Synthetix Announced The Hamal
February 18th, 2022 at 07:00-10:00 PM UTC — Synthetix announced the Hamal release has begun. There will be no downtime on L1/L2.
Here’s what’s included in this release
- SIP-202: Target Staking Ratio: Introduce a target staking ratio incentivized through inflation.
- SCCP-164: Extend Burn Lock to 7 Days: Adjust Burn Lock from 24 hours to 7 days (168 hours).
SIP-202 and SCCP-164 introduces a substantial change to how staking inflation is calculated and rewarded on a system-wide scale.
The purpose of the initial inflation rate (SIP-23) was to encourage a high staking ratio while the network was growing. Initially, this worked well, with the staking ratio peaking at 90%+. The staking ratio subsequently has fallen to below 70% as inflation has declined based on the curve specified in SIP-23.

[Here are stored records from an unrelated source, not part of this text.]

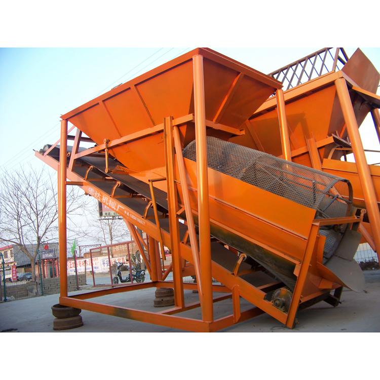整個設備由原料儲料斗、原料供料皮帶機、平置篩網(wǎng)、成品砂堆料皮帶、棄石出料槽等組成,設備通電運轉后由裝載機將原料裝入大容量儲料斗,原料經(jīng)由供料皮帶投入到平置篩筒,旋轉的篩筒帶動原料在筒內(nèi)葉片的推擠、翻滾下形成原料在篩網(wǎng)面滑滾的人工篩砂效果,篩出的成品砂通過集料斗落在成品砂皮帶上,同時被皮帶提升落下呈成品料堆、或直接落入儲料斗,整個過程連續(xù)且物料分級清楚、準確。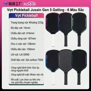 Vợt Pickleball Jusain Gatling JSRG-51X204 Gen 5 Black Honeycomb Carbon T800 16mm - Emerald Green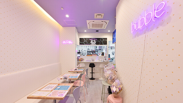 可愛いを追求した当店。チョコミントのドリンク・スイーツが人気で、見た目と味にこだわった一品をご提供しております。その他手ごねハンバーグやカレーなど、お得なランチプレートもご用意!パステルパープルを基調としたPOPな店内には、マスコットのbubbleくんもいます☆ご近所の方はもちろん、推し活・オタ活をしたい方・チョコミン党の皆様にもおすすめです♪老若男女問わず楽しめる空間で、素敵なひとときをどうぞ◎

SIP-202 sets a base level of inflation (800,000 SNX initially) and then tracks the staking ratio within the network to modify the inflation rate weekly to ensure this target ratio is achieved. The staking ratio will be measured as the percentage of SNX collateral in staked addresses divided by the total SNX collateral.

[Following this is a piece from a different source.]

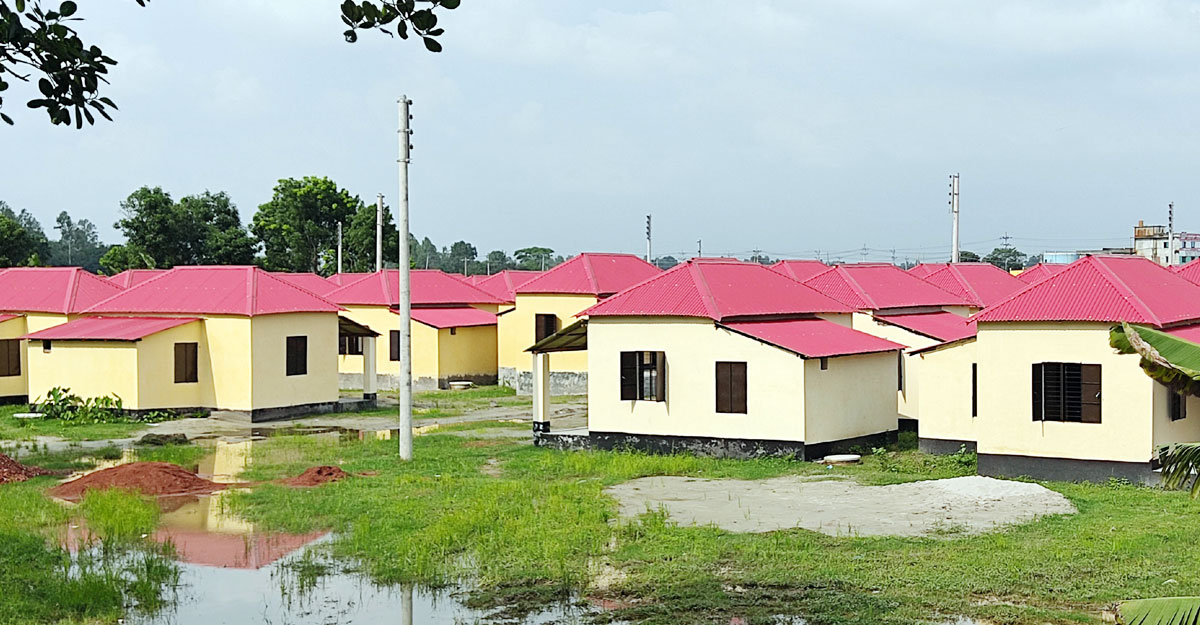 সরেজমিনে সদর উপজেলার রসুলপুর ও চিলাবাড়ীতে গিয়ে দেখা যায়, ঘরগুলোর নির্মাণ কাজ শেষ। কোথাও কোথাও এখনও রঙয়ের কাজ বাকি রয়েছে। ঘরগুলো নোংরা। সেখানে জুয়া খেলার তাস, মাদক সেবনের সামগ্রী পড়ে রয়েছে। টয়লেটগুলো অপরিষ্কার, সারিবদ্ধ ঘরের সামনে পানি জমে রয়েছে। কোনো কোনো সেফটিক ট্যাংকের ঢাকনাও লাগানো হয়নি। উঠানের গাছ কাটা হলেও বড় বড় শিকড় এখনো অপসারণ করা হয়নি।

For reference: The inflation in the prior week across L1 and L2 was 357K SNX
Due to this substantial increase in SNX inflationary rewards, SCCP-164 has been implemented to deter snapshotters. Instead of a 24 hour burn lock, staking will now be subject to a 7 day burn lock. Once you stake for the week, you will be unable to burn until the end of a 7 day period.

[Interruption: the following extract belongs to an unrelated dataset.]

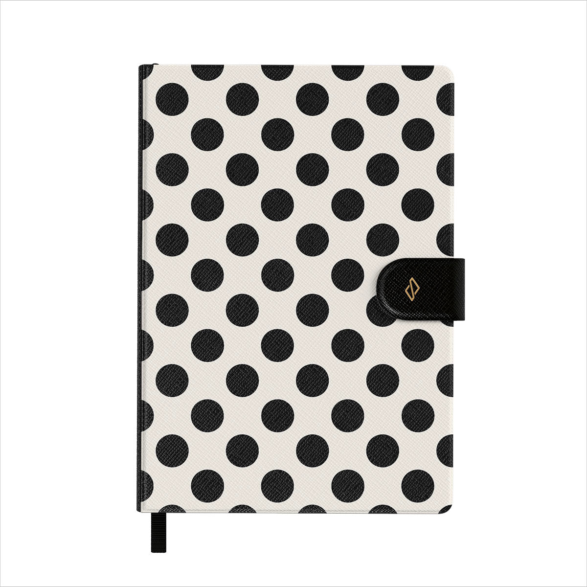 Questo design include: pois neri su uno sfondo bianco pulito.

This change introduces a target ratio for staking of 85%. It then adjusts the inflation weekly up or down by 10% depending on whether the staking ratio is below or above the target ratio to incentivize stakers to hit this target. The introduction of decay of 5% if the target ratio is within +/- 5% is designed to ensure that as fee yield from the protocol increases inflation is reduced, provided the target ratio is maintained.
Release Phases
There is currently no method to measure the staking ratio on-chain, so the implementation of this SIP will be split into two phases. The first phase will rely on an off-chain calculation and SCCP each week to modify the inflation rate.
Phase two will use a new Chainlink oracle to read the staking ratio at the end of each epoch and push this on-chain to allow the target ratio to be calculated and the inflation change determined.